Source data:
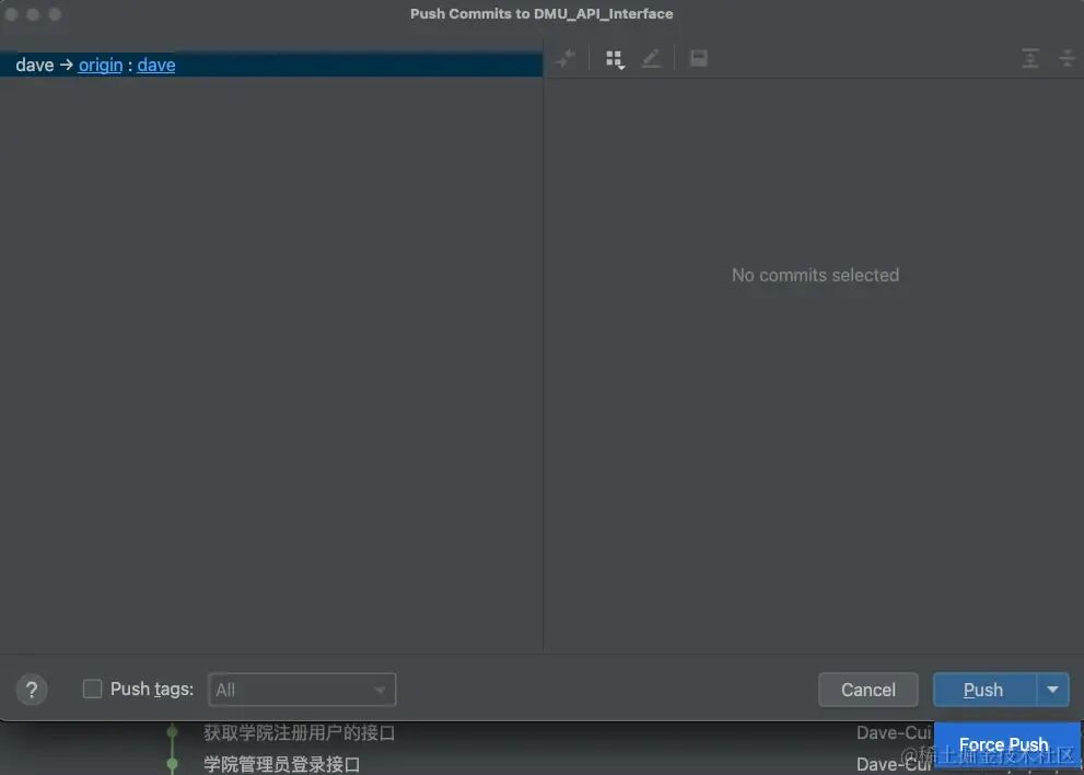 打开push界面,虽然没有commit需要提交,需要点击Force Push ,强推过去。
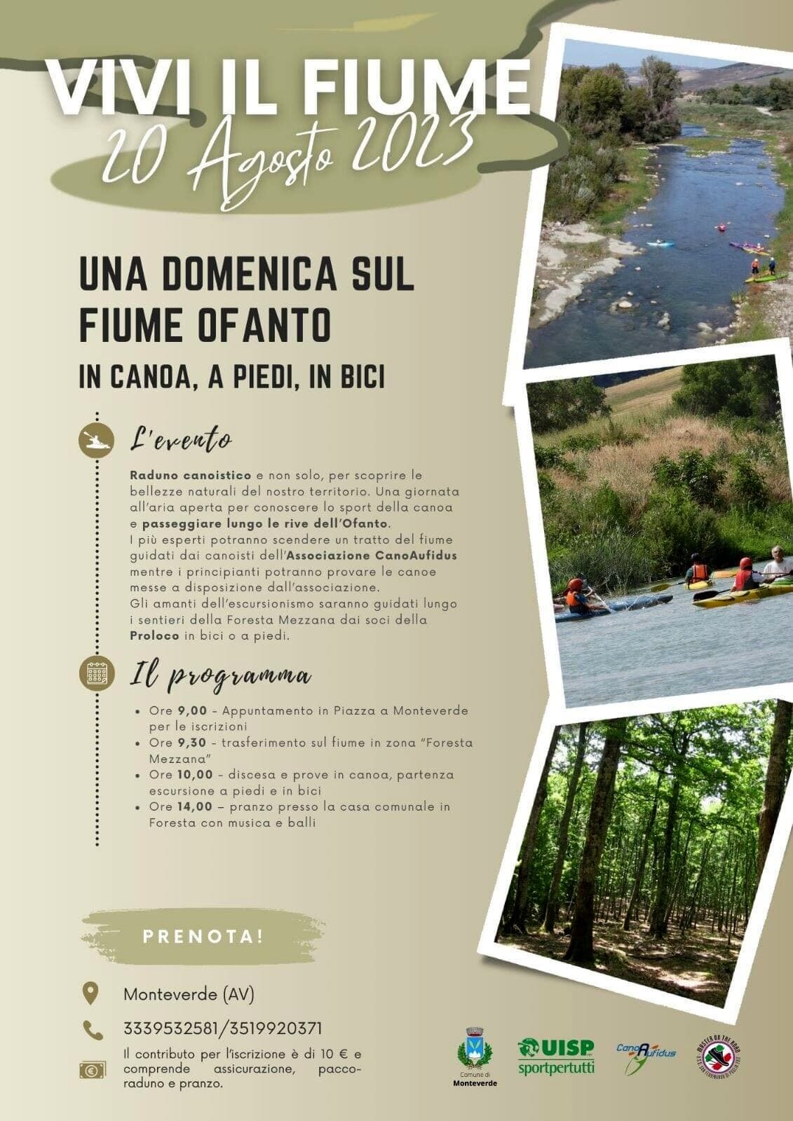 L’Associazione CanoAufidus e la Proloco di Monteverde organizzano per domenica 20 Agosto 2023, a Monteverde, l’evento “Vivi il Fiume.”
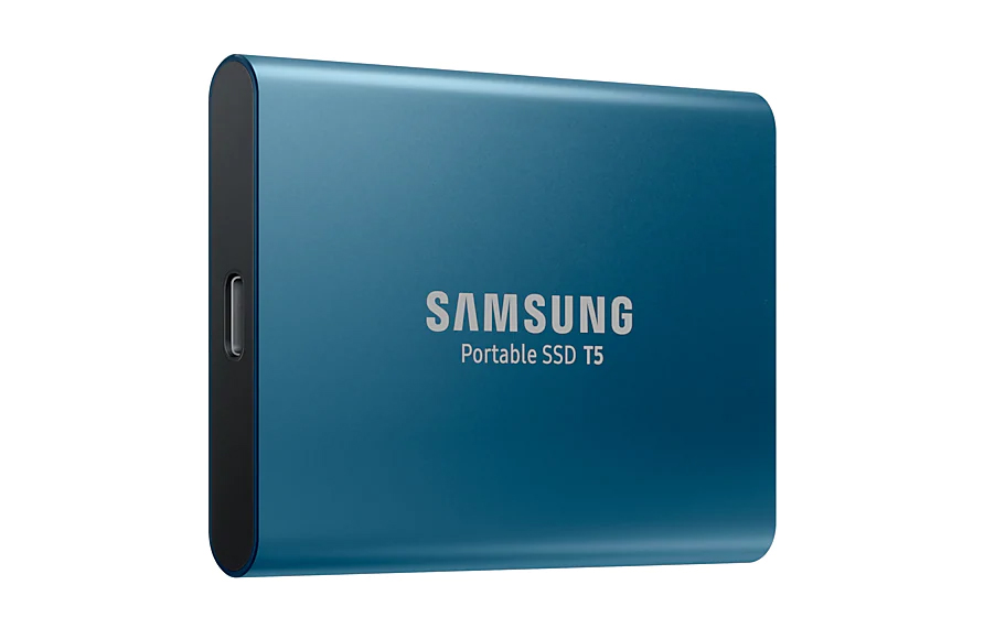 Il colosso sudcoreano, tra le aziende leader, tra le altre cose, anche nel settore dei semiconduttori, non poteva mancare nel panorama degli SSD portatili, dove è presente non solo con la propria memoria flash, ma anche con prodotti finiti per gli utenti finali. Ad esempio la famiglia Samsung Portable SSD T5 comprende diversi modelli con un ventaglio di opzioni per colore e capacità di archiviazione, il cui range va da 250 GB a 2 TB. Il Portable SSD T5 impiega la memoria flash V-NAND di Samsung e un’interfaccia USB 3.1 di seconda generazione: offre velocità di trasferimento fino a 540 MB/s, in un design tendente al minimalismo, con una struttura monoscocca realizzata interamente in metallo e dai bordi arrotondati. L’unità Portable SSD T5 di Samsung punta sulla leggerezza e sulla compattezza: solo 51 grammi di peso, uno spessore di appena 10,5 mm e dimensioni di 74 x 57,3.

Problem requirements:
Copy all the data exactly as written, but skip any picture.

Written response:
 打开push界面,虽然没有commit需要提交,需要点击Force Push ,强推过去。
 L’Associazione CanoAufidus e la Proloco di Monteverde organizzano per domenica 20 Agosto 2023, a Monteverde, l’evento “Vivi il Fiume.”
 Il colosso sudcoreano, tra le aziende leader, tra le altre cose, anche nel settore dei semiconduttori, non poteva mancare nel panorama degli SSD portatili, dove è presente non solo con la propria memoria flash, ma anche con prodotti finiti per gli utenti finali. Ad esempio la famiglia Samsung Portable SSD T5 comprende diversi modelli con un ventaglio di opzioni per colore e capacità di archiviazione, il cui range va da 250 GB a 2 TB. Il Portable SSD T5 impiega la memoria flash V-NAND di Samsung e un’interfaccia USB 3.1 di seconda generazione: offre velocità di trasferimento fino a 540 MB/s, in un design tendente al minimalismo, con una struttura monoscocca realizzata interamente in metallo e dai bordi arrotondati. L’unità Portable SSD T5 di Samsung punta sulla leggerezza e sulla compattezza: solo 51 grammi di peso, uno spessore di appena 10,5 mm e dimensioni di 74 x 57,3.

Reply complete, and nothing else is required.